Fast forward to 2017 and another trip to Sweden, when Staffansson brought Ruest together again with Mattias Hyttsten (drums) and Peter Fröbom (bass). “They are a great rockabilly backing band, with an almost Howlin’ Wolf feel. I geared a few songs toward that and just let the guys play what they felt, and they kicked ass. They are big fans of Nick Curran and my CDs, so they knew the style and sounds I was looking for.” The fabulous piano playing belongs to the storied Gene Taylor, a citizen of the world. Among the other musicians on Been Gone Too Long is Knock Out Greg, one of Sweden’s premier bandleaders and a touring partner of Ruest’s from the Primich tribute, on harp. Austrian native Christian Dozzler, a longtime Texas resident and friend of Ruest’s, plays accordion on the Gulf Coast-style rocker, “Henhouse To The Doghouse.” If “Henhouse” sounds a bit like a lost Rockpile tune, it’s because Billy Bremner plays guitar on it. (Ruest met the Scottish great at the band house maintained by his Swedish promoter.) Marti Brom, who happened to be in the studio, blows the top off of the Jimmy Reed-inspired “Get Your Mind Out Of That Gutter,”, John Lindberg one of Swedens premiere Rockabillies whom is a regular at the Enviken Studio dropped by and layed down some real cool guitar on ”Nobody Cares” and even a bassline on the aforementioned ”Henhouse” and Wes Race, Fort Worth, Texas’s preeminent hipster, raps over the funky grind of “Jivetalk.”

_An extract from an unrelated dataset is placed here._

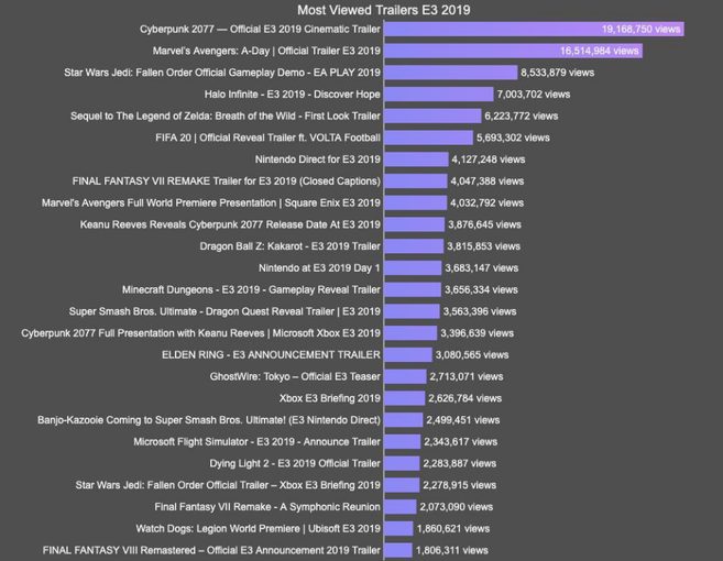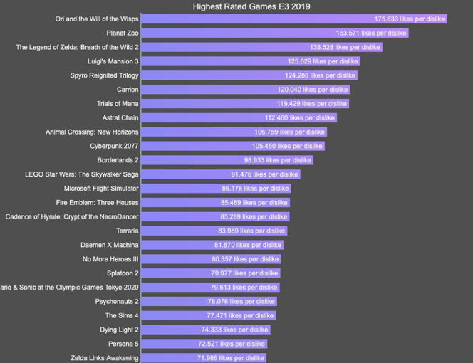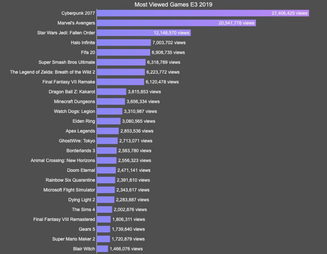 Daniel Ahmad, analityk, podzielił się swoimi statystykami na temat wystawy. Sądząc po zdjęciach, przyczepa Cyberpunk 2077 była najczęściej oglądana na E3 2019, a Ori był liderem pod względem liczby polubień.

Been Gone Too Long extends Ruest’s winning formula for making outstanding blues records: Guitar playing that ranges from savage to sophisticated, honest vocals, and a lockstep connection with the band that gives the set power, finesse, and a fine-tuned dynamic range. The program offers a couple of fresh covers–Guitar Slim’s “Sufferin’ Mind,” reimagined as an intense Elmore James number, and Arthur Alexander’s timeless “The Girl That Radiates That Charm”–and a host of incisive original songs: the swinging “Real Proud Papa”; “Too Cool For School,” with its big, Bo Diddley beat; the Latin-tinged “Nobody Cares”; the Wolf-like stomp “I’m Going Home”; the rocking “I Quit”; “Can’t Take No More” and “True Found Baby,” which acknowledge B.B. King’s early sides; and the slow drag of the title track. The essence of blues tradition past, present, and future, is in good hands with Chris Ruest.
//
Tom Hyslop
Contributing Editor, Blues Music Magazine.